We feel this constant changing of clothes to be something beautiful, but in a nonchanging robe you can attain a graceful beauty that can never be attained with a changing robe. With a changing robe

you are hiding ugliness, nothing else, but with a nonchanging robe everything about you as you are is revealed.


When you change your clothes, others become aware of your clothes. That is why everyone always asks about your new clothes. But when you are constantly in one robe, no one asks about your clothes; the asking drops. Then one looks at you, not at your clothes.


This is a fact that every woman knows. If she wears ornaments and nice clothes, you become aware of the ornaments and clothes and forget the woman. This is hiding. Clothes are not expressers, but hiders. And the more precious the ornament the more deeply you can hide, because others become more attentive to the ornament.


With a diamond on my finger, my finger is hidden. The diamond has so much appeal and the luster of it somehow becomes associated with my finger, but it is not part of the finger at all. A bare or naked finger is exposed as it is. If it is beautiful, then it is beautiful; if it is ugly, then it is ugly.

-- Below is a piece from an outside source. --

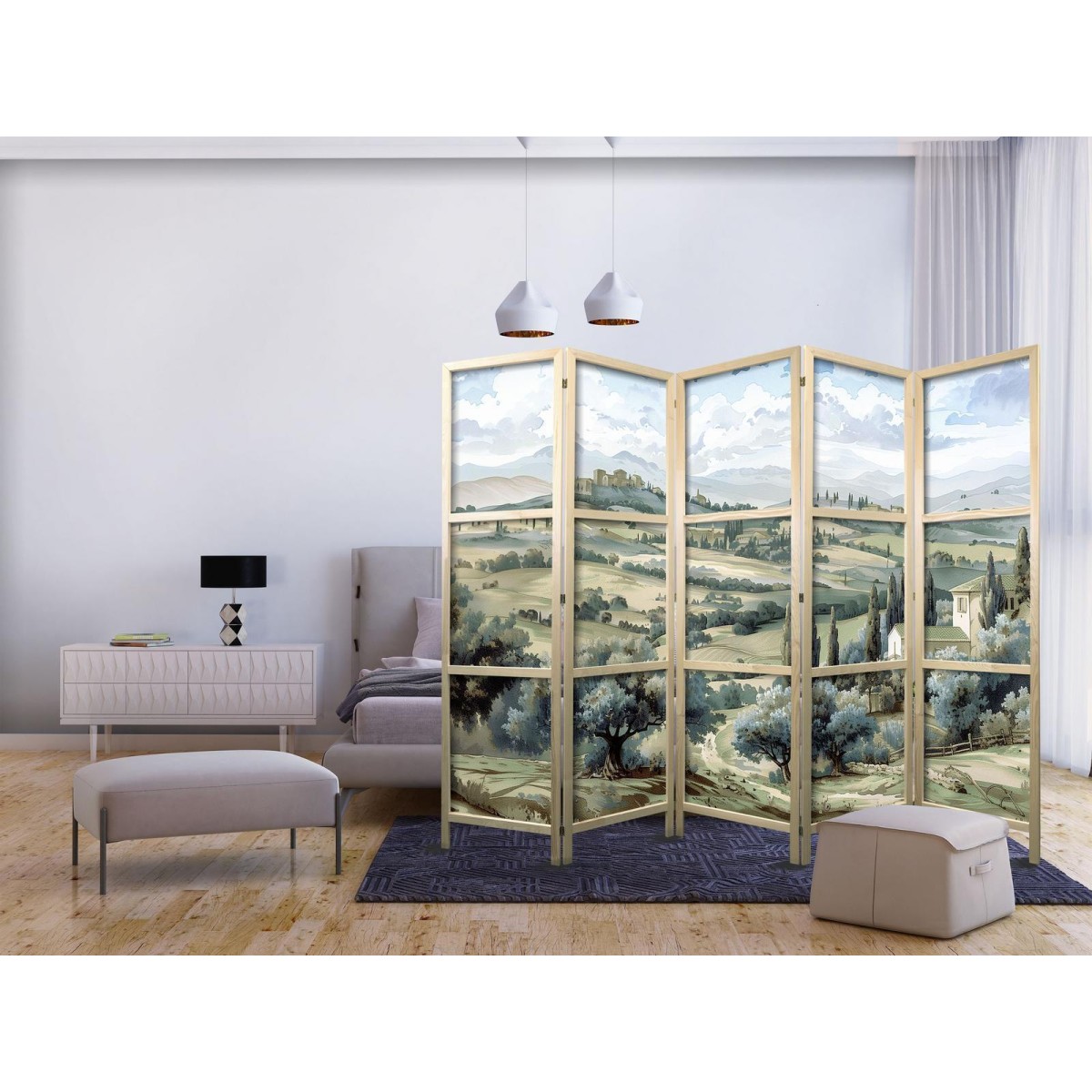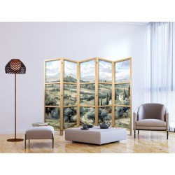Japanischer Paravent "Japanischer Paravent - Landscape with Green Fields and Trees - Tuscan sunny view." Liegen Ihnen der japanische Stil und die japanische Kultur am Herzen? Aber nicht nahe genug, um dort zu leben oder diesen Teil der Welt zu besuchen? Sind Sie auf der Suche nach einer modernen Dekoration für Ihr Zuhause? Sehen Sie sich die japanischen Paravents an. Dieses vergessene dekorative Element ist sowohl zu Hause als auch im Büro sehr nützlich. Für wenig Geld können Sie Ihre Wohnung fast wie neu einrichten. Japanische Paravents fügen sich perfekt in jeden Einrichtungsstil ein. Ein Paravent "Japanischer Paravent - Landscape with Green Fields and Trees - Tuscan sunny view." ist nicht nur eine tolle Dekorationsidee, sondern auch eine praktische Möglichkeit, für Privatsphäre zu sorgen. Müssen Sie aus Ihrem Wohnzimmer zwei Räume machen? Ein japanischer Paravent ist in einem solchen Fall die ideale Lösung. Darüber hinaus unterstreicht das einseitig aufgedruckte Motiv mit Bezug zu Japan Ihr Interesse an der orientalischen Kultur. Wenn Sie in einer Einzimmerwohnung leben, ist japanischer Paravent eine gute Lösung, um die verschiedenen Bereiche voneinander zu trennen. Auf diese Weise schaffen Sie definierte Bereiche für das Esszimmer oder das Wohnzimmer oder sogar trennen Ihre Home-Office-Ecke ab und nutzen ein schönes Objekt, das viel Charme in Ihr Interieur bringt.

A person who is not hiding his ugliness has a beauty of his own. A person who is not hiding anything has a certain grace, and this grace comes only when you are totally naked. When you are at ease a certain grace comes, and even an ugly face becomes beautiful. But with hiding, even a beautiful face becomes ugly.


To me, beauty is to be as you really are: to be as you are and totally relaxed in it. If you are ugly, you are ugly and at ease with it; then a subtle beauty begins to come to your face. With relaxation and ease, a subtle flow begins to manifest. It is not coming from the diamond; now it is coming from your inner self.

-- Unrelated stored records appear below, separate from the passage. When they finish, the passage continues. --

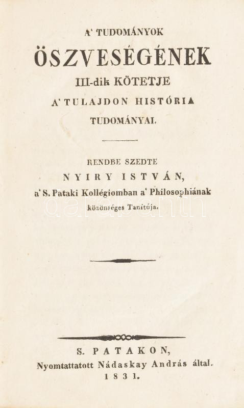 Nyiry István: A' tudományok öszveségének III-dik kötetje. A' tulajdon história tudományai. Rendbe szedte: Nyiry István, a' S. Pataki Kollégiomban a' Philosphiának közönséges Tanítója. S[áros]Patakon, 1831, Nádaskay András, 556+4 p. Átkötött kartonált papírkötés.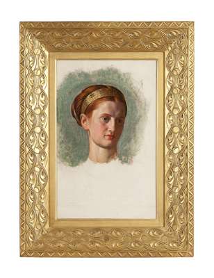 Oil on canvas, inscribed on torn label on stretcher at a later date by Edith Holman Hunt: '[Fo]r Slubby with [lo]ve from Edith H[olman Hunt] Study of […] by W H[olman Hunt] made […] Campden […]'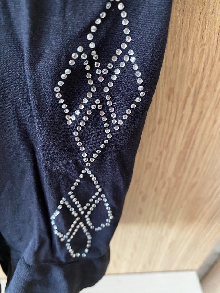 Parlak işlemeli geometrik nakışlı, koyu lacivert renkli, vücuda oturan taytı. Gotik ve avangart tarzda, günlük kullanıma uygun. ✨

One who is not at ease with himself cannot be at ease with anyone else. And one who does not love himself, who is hiding himself, cannot be loved by anyone else. He is deceiving others, and others are deceiving him. Then we never really meet; only faces are meeting – far-off faces. I have come with a made-up face, and you have also come with a made-up face. I am hiding myself and you are hiding yourself. Two faces are meeting in this room, but nowhere is there an encounter, nowhere is there an authentic meeting and communion between these faces.


But why do you change your faces? You change them because if you do not, you will not pay enough attention to the face that you are showing and the real may be exposed. That is why a beloved is someone altogether different when she becomes your wife. She is not the same now because she cannot put on a new face. She is so much with you that the real is bound to show up. In the morning she will be just as she is – and now she is ugly. On the beach you were just fascinated, but in the morning, in bed, after the whole night, she will be just as she is. And once you have known your wife in the morning when she is just getting out of bed, you have known her ugly face. But her face is not ugly because she is ugly; it is ugly because now nothing is hidden. You see everything, she sees everything.


So when I say that a sannyasin should remain in one robe, this means to be free from the changing clothes and the changing identities; to remain as you are and to be expressive as you are – to just accept yourself. The moment you accept yourself, others will begin to accept you – but that is irrelevant. Whether they accept you or not, it is irrelevant. If you think about people accepting you, then you will create another false face. There is nothing to think about: it just happens.

So I change the name, I change the clothes, just to help a person who is living on the periphery.